Malam semakin larut, udara terasa semakin menusuk tulang dan suara binatang malam semakin nyaring terdengar memenuhi indera pendengaran. Maklum lokasi pesantren berada tak jauh dari kaki gunung.
“Tidur ! Jangan duduk melamun !” Arkana membaringkan tubuhnya dengan santai tanpa beban diatas kasur empuk yng menggoda iman. Namun Alisha masih memikirkan cara agar bisa tidur tanpa harus bersentuhan dengan pria itu.
“Tidur dimana ? Tempat tidurmu aja kecil gitu.” Jelas sekali jika Alisha hanya ngomong asal.
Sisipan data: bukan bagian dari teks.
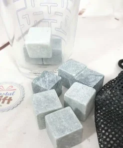 – Mode d’emploi : Avant la première utilisation, stériliser les pierres en les laissant 10 minutes dans l’eau bouillante. Ne pas nettoyer les pierres avec des détergents abrasifs ou agressifs. Nettoyer les pierres après chaque utilisation et les sécher correctement avant de les placer au congélateur. Utiliser le filet de rangement pour mettre les pierres au congélateur au moins trois heures avant utilisation. Déposer 2 à 4 pierres dans un verre, puis verser la boisson. Éviter de faire chuter les pierres dans le verre, au risque de l’endommager.

Tempat tidur Arkana muat dua orang meskipun tidak terlalu besar.
“Kamu kayak sebesar kingkong aja,” Arkana melirik sinis sejenak lalu kembali memejamkan mata.
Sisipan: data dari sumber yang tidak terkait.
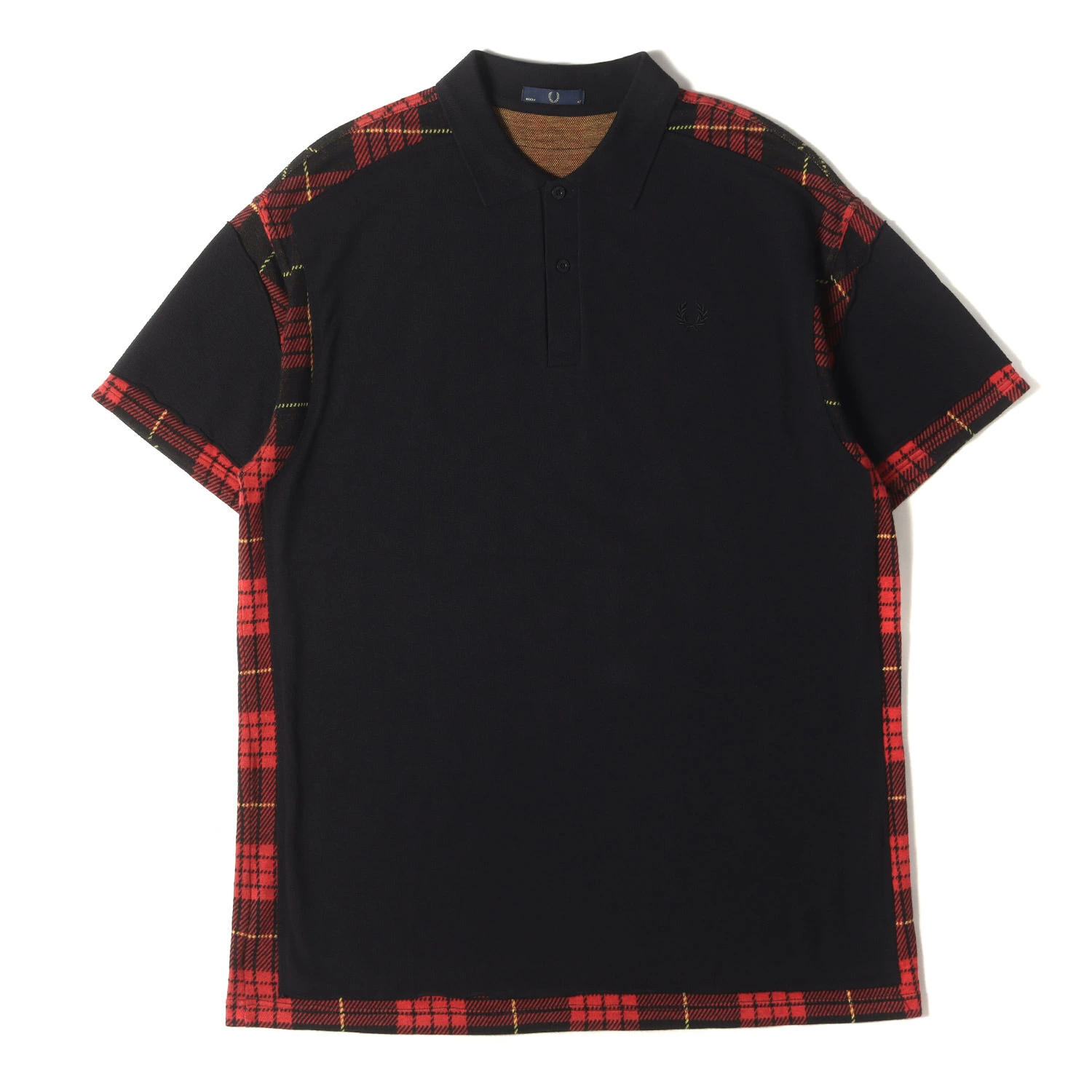 FRED PERRY Men's Tartan Check Stretch Knit Polo Shirt, Size 42 (M5800), Laurel Wreath, Black and Red, Short Sleeve Top, Pre-owned, K4619

“Tubuh aku memang gak besar tapi tubuh kakak yang sebesar gaban pake banget, yang ada aku malah jatuh dari tempat tidur,” Alisha memilih untuk tidur di kursi panjang daripada harus menanggung resiko terjatuh.
Arkana tak ingin memaksa gadis itu untuk tidur bersamanya. Arkana tak ingin melewati malam dengan perdebatan panjang yang unfaedah. Ia harus mengumpulkan tenaga untuk menghadapi gadis 20 tahun itu keesokan harinya.
Merasa tak ada lagi pergerakan dari kursi panjang di kamarnya, Arkana perlahan membuka mata dan menatap gadis yang ternyata sangat imut kala sedang diam. Tak ada niatan pria itu untuk memindahkan Alisha ke tempat tidur, ia tak mungkin menyentuh wanita yang tiba-tiba hadir dalam hidupnya meskipun sudah halal baginya.
Sebelum Adzan subuh berkumandang, Arkana telah bangun dan melakukan berbagai ritual sebelum ke mesjid melaksanakan shalat subuh berjamaah. Sudah menjadi kebiasaan Arkana manakala mengunjungi sang kakek. Sementara Alisha masih tidur dengan tenang.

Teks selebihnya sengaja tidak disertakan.